Optical-Character-Recogonizer
To develop a system that can recognize handwritten characters from an image.
OCR is a process of converting images of typed, handwritten or printed text into machine-editable text.
It is a common method of digitizing the handwritten characters and printed text in an image.A digit can be written in number of ways differing in shape and properties, such as tilt, stroke, cursivity and overall shape.Humans can easily recognize and read each digit. This is because the human perception processes the information by the features that define a digit’s shape in an overall fashion. Thus, while modelling the human perception model in machines an ANN can be applied for classification of characters.

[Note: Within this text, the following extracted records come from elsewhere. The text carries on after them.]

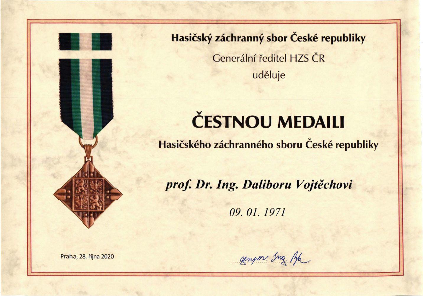 Generální ředitel Hasičského záchranného sboru České republiky genpor. Ing. Drahoslav Ryba udělil Čestnou medaili prof. Dr. Ing. Daliboru Vojtěchovi, vedoucímu Ústavu kovových materiálů a korozního inženýrství a prorektorovi pro vědu a výzkum VŠCHT Praha.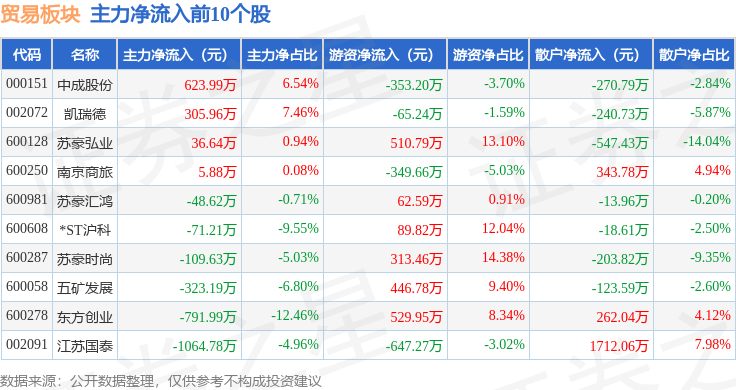 从资金流向上来看,当日贸易板块主力资金净流出6972.16万元,游资资金净流入2146.47万元,散户资金净流入4825.69万元。贸易板块个股资金流向见下表: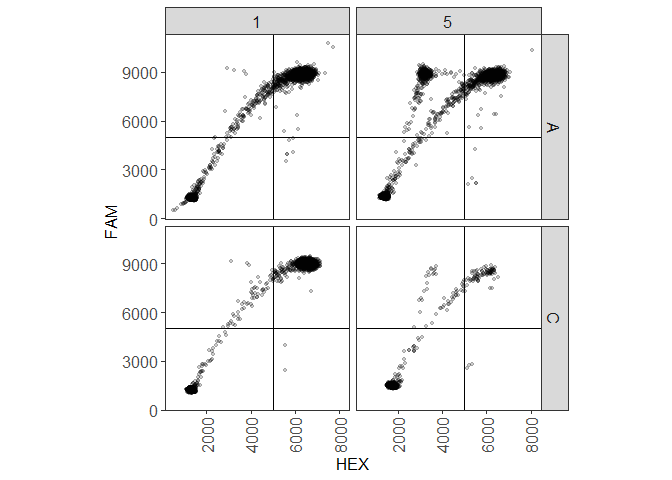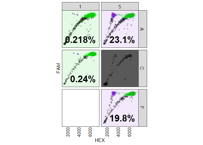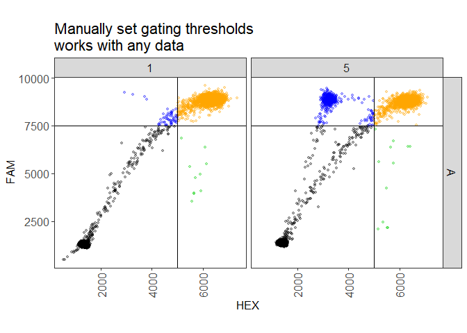 Here are two basic examples of how to use ddpcr to analyze and plot your ddPCR data. One example shows an analysis where the gating thresholds are manually set, and the other example uses the automated analysis. Explanation will follow, these are just here as a teaser.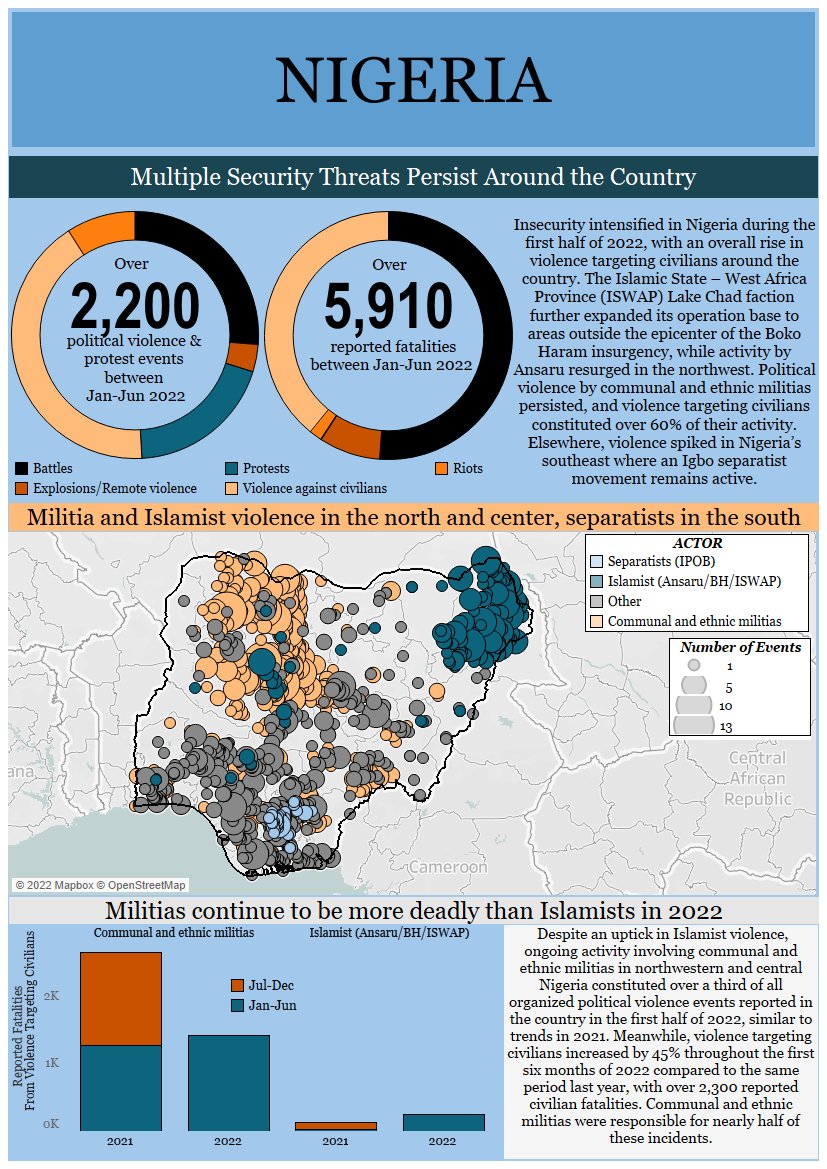 Insecurity intensified throughout #Nigeria during the first half of the year, with a 45% increase in violence targeting civilians compared to the same time period in 2021, resulting in over 2,300 reported fatalities.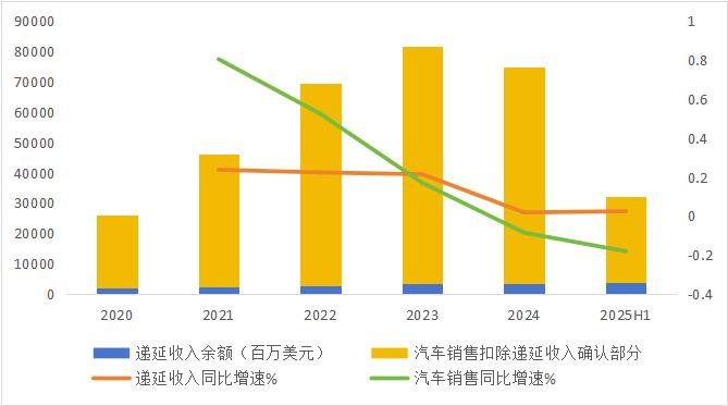 一方面,特斯拉的汽车销量越大,意味着其用户基数越可观,会直接带动FSD 订阅收入等软件服务业务的扩张,为未来 Robotaxi 的商业化奠定基础。事实上,近两年随着汽车保有量的增长,特斯拉的FSD收入增速有所加快,远超同期汽车销售。(备注:特斯拉并未直接公布FSD相关收入,但其递延收入余额主要是FSD、互联网连接、免费超充和软件更新相关的未确认部分。)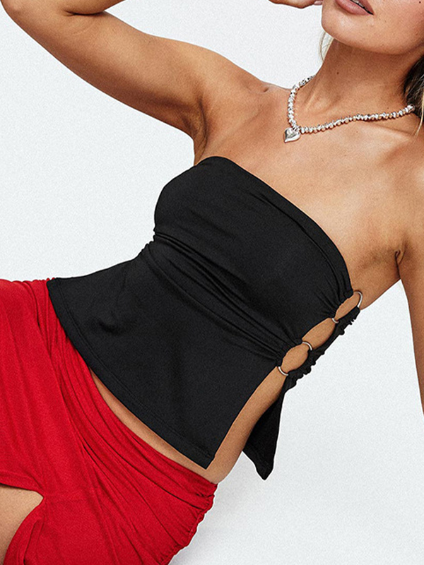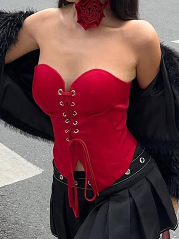 Bandeau-Top mit Spitzen-Patchwork und Schleife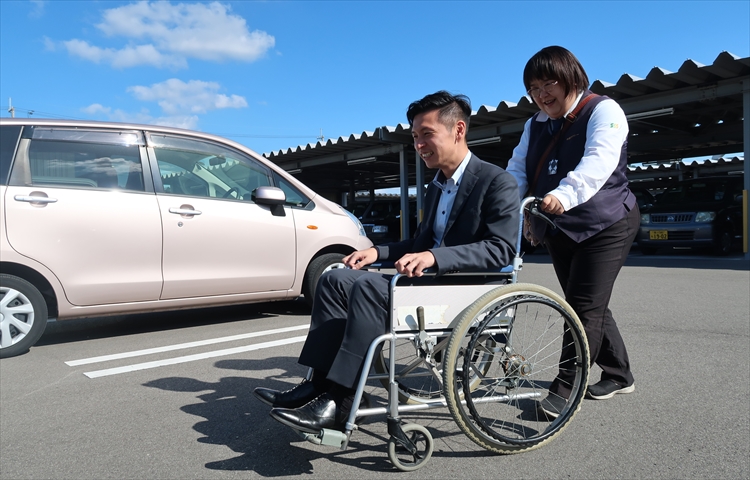 大林さん:こちらが福祉輸送車両です!今から礒部さんを車椅子にお乗せして車両の中まで運ばせていただきます。

*Artificial Neural Networks(ANN)is one of the best ways to build an OCR.
Artificial neural networks (ANNs) are computing systems inspired by the biological neural networks that constitute human brains. Such systems “learn” (i.e. progressively improve performance on) tasks by considering examples.
Dataset used: letter.data.gz
This dataset contains handwritten words dataset collected by Rob Kassel at MIT Spoken Language Systems Group. The tab delimited data file contains a line for each letter, with its label, pixel values, and several additional fields listed in letter.names file. Fields id: each letter is assigned a unique integer id letter: a-z next_id: id for next letter in the word, -1 if last letter word_id: each word is assigned a unique integer id (not used) position: position of letter in the word (not used) fold: 0-9 – cross-validation fold p_i_j: 0/1 – value of pixel in row i, column j
MODULE 1 – DIGIT RECOGNITION
DIGIT RECOGNITION
Block Diagram
The dataset is imported. The matrix of each image in the dataset are stored in arrays. Then the image is taken as input. Pre-processing is done such that the image is converted to grey-scale image. Then the image is converted to array and is matched with the arrays of dataset. Thus, the digit is recognized.
INPUT IMAGE
OUTPUT
MODULE 2 – ALPHABET RECOGNITION
ALPHABET RECOGNITION
BLOCK DIAGRAM
This module matches the handwritten alphabets present in a dataset. This application takes a string as input and segments the string into separate alphabets. Matrix is formed for each alphabet. A feed forward neural network is created using neurolab. The feed forward neural network is trained with a part of the dataset and is tested with the alphabets present in the input. The neural network predicts the alphabets that matches the alphabets in the input string.